Tingkat kematian adalah 3-7% untuk meningitis yang disebabkan oleh H. influenzae,
N. meningitidis, atau kelompok B streptokokus; 15%. sedangkan L. Monocytogenes: 20%.
untuk monocytogenes: 20% untuk S. pneumoniae.
Secara umum, risiko kematian dari peningkatan meningitis bakteri dengan (1)
penurunan tingkat kesadaran saat terinfeksi, (2) onset kejang dalam waktu 24 jam, (3) tanda-
tanda peningkatan TIK, (4) usia muda (bayi) dan usia> 50, (5) adanya kondisi comorbid
conditions termasuk shock dan / atau kebutuhan untuk ventilasi mekanik, dan (6)
keterlambatan dalam memulai pengobatan. Penurunan konsentrasi glukosa CSF (<2.2 mmol /
L [<40 mg / dL]) dan nyata meningkatkan konsentrasi protein CSF (> 3 g / L [> 300 mg / dL])

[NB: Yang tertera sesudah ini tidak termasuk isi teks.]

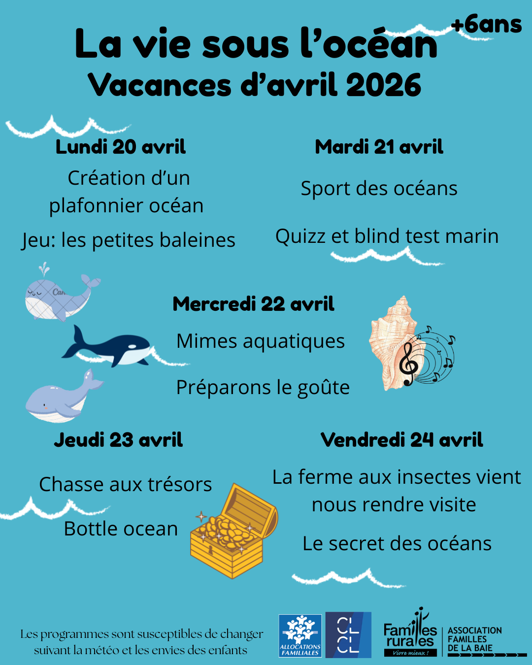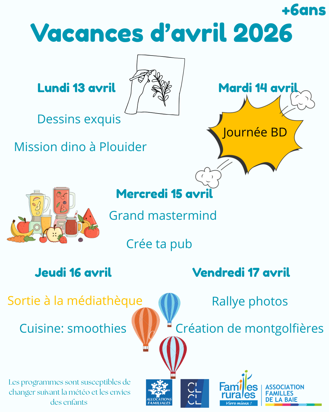 Programme des vacances d'avril +6ans

telah terbukti adanya peningkatan mortalitas dan hasil yang lebih buruk di beberapa kasus .
gejala sisa sedang atau berat terjadi pada 25% dari korban, meskipun insiden yang bervariasi
dengan organisme penyebab infeksi.
Gejala sisa yang umum termasuk penurunan fungsi intelektual, gangguan memori,
kejang, gangguan pendengaran dan pusing, dan gangguan gaya berjalan, mata bergerak, kaku
kuduk terdapat dalam banyak kasus. tetapi mungkin ringan dan hanya ada di sekitar batas
leher antefleksi. Tanda-tanda Konstitusi dapat mencakup malaise, mialgia, anoreksia, mual
dan muntah, sakit perut, dan / atau diare. Pasien paling sering mengeluh lesu ringan atau
mengantuk. Namun, perubahan yang lebih mendalam yaitu dapat menyebabkan penurunan
kesadaran, seperti pingsan, koma, atau kebingungan berbeda dengan meningitis virus dimana
menunjukkan adanya ensefalitis atau diagnosis alternatif lainnya. Demikian pula, kejang atau
tanda-tanda neurologis fokal atau gejala neuroimaging lainnya merupakan indikasi
23
keterlibatan parenkim otak yang tidak khas pada meningitis viral dan memungkinkan adanya
ensefalitis atau kelainan infeksi SSP atau proses peradangan.